I have a dataframe:
participants <- c(A, A, A, B, C, C)
answers <- c(alpha, beta, gamma, beta, beta, gamma)
participants answers
A alpha
A beta
A gamma
B beta
C beta
C gamma
The 'answers' column contains many more than just this little set.
how do I make it into binary features like the following:
participant answers value
A alpha 1
A beta 1
A gamma 1
B alpha 0
B beta 1
B gamma 0
C alpha 0
C beta 1
C gamma 1
My guess is that I have to get the levels of the 'answers' and the 'participants' too?
But I'm not sure how to do it next. Thanks!

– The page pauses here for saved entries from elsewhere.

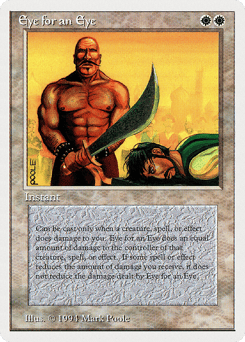 The next time a source of your choice would deal damage to you this turn, instead that source deals that much damage to you and Eye for an Eye deals that much damage to that source's controller.
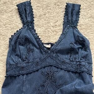 Vtg S Denim Fairycore Embroidered Fairycore Midi Dress Renaissance Festival
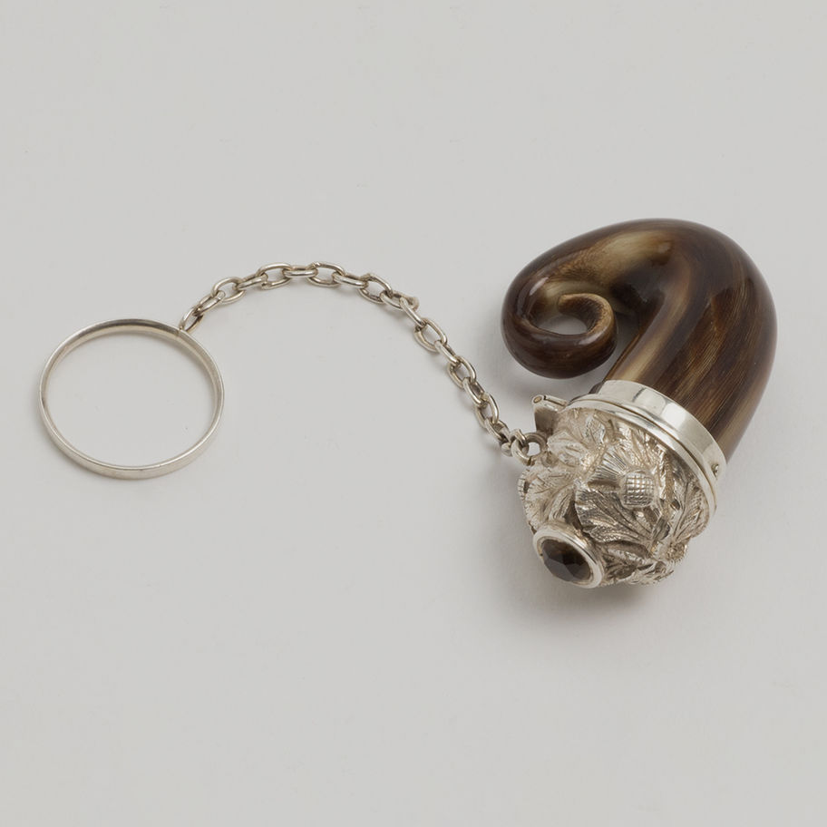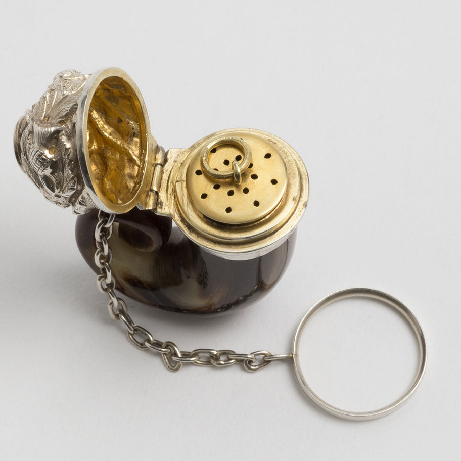 A Victorian Scottish silver-mounted horn Vinaigrette formed as a Mull, circa 1880. Condition: \n
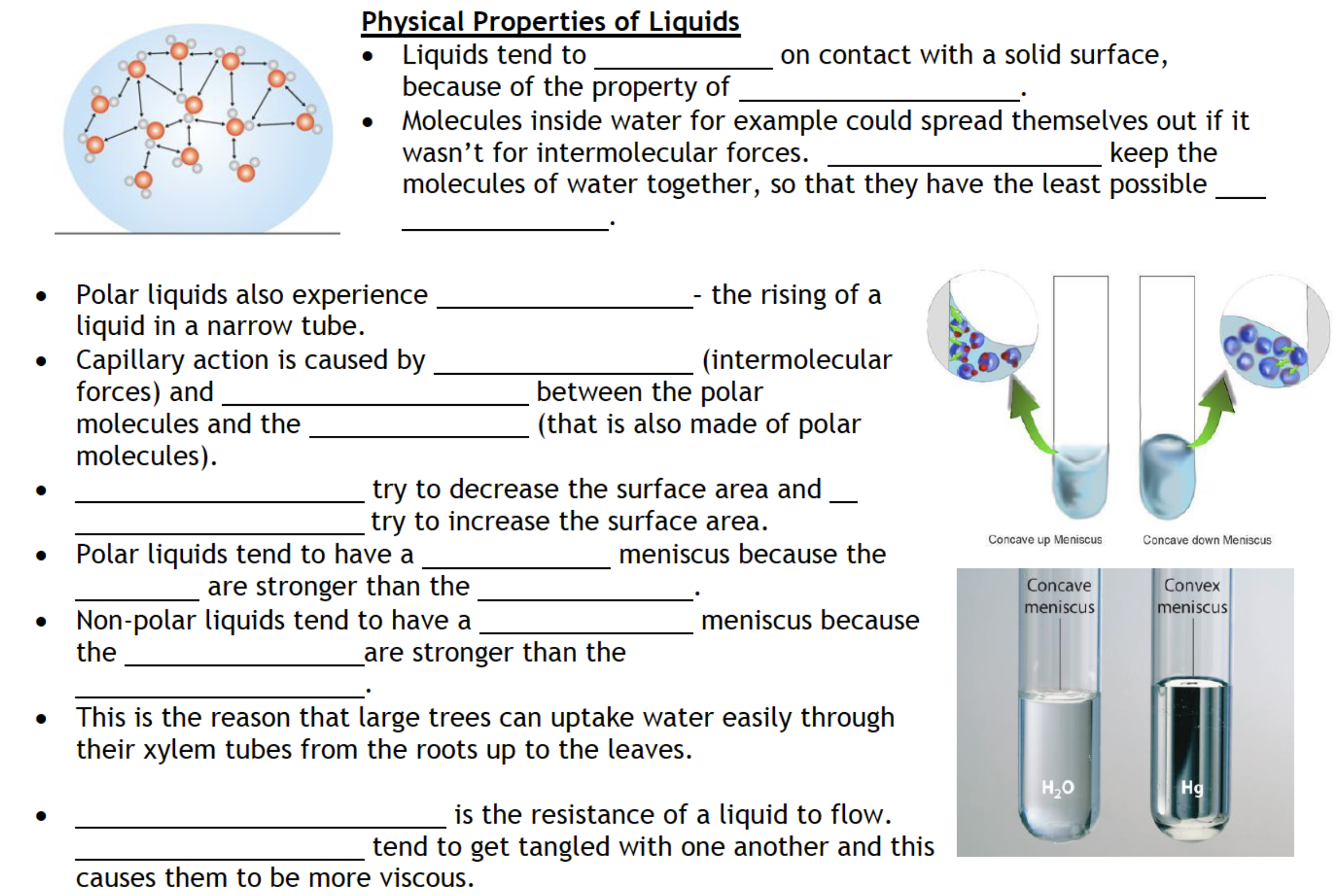 1. Read textbook pg245 - 246 Physical properties of liquid

CodePudding user response:
In base R you could do:
data.frame(table(df1))
participants answers Freq
1 A alpha 1
2 B alpha 0
3 C alpha 0
4 A beta 1
5 B beta 1
6 C beta 1
7 A gamma 1
8 B gamma 0
9 C gamma 1
The above is not ordered the same way as your table. To do that, you could do:
with(a<-data.frame(table(df1)), a[order(participants),])
participants answers Freq
1 A alpha 1
4 A beta 1
7 A gamma 1
2 B alpha 0
5 B beta 1
8 B gamma 0
3 C alpha 0
6 C beta 1
9 C gamma 1
CodePudding user response:
If the original data is 'df1', use complete
after creating a column of 1s
library(tidyr)
library(dplyr)
df1 %>%
mutate(value = 1) %>%
complete(participants, answers, fill = list(value = 0))
-output
# A tibble: 9 × 3
participants answers value
<chr> <chr> <dbl>
1 A alpha 1
2 A beta 1
3 A gamma 1
4 B alpha 0
5 B beta 1
6 B gamma 0
7 C alpha 0
8 C beta 1
9 C gamma 1
data
df1 <- structure(list(participants = c("A", "A", "A", "B", "C", "C"),
answers = c("alpha", "beta", "gamma", "beta", "beta", "gamma"
)), class = "data.frame", row.names = c(NA, -6L))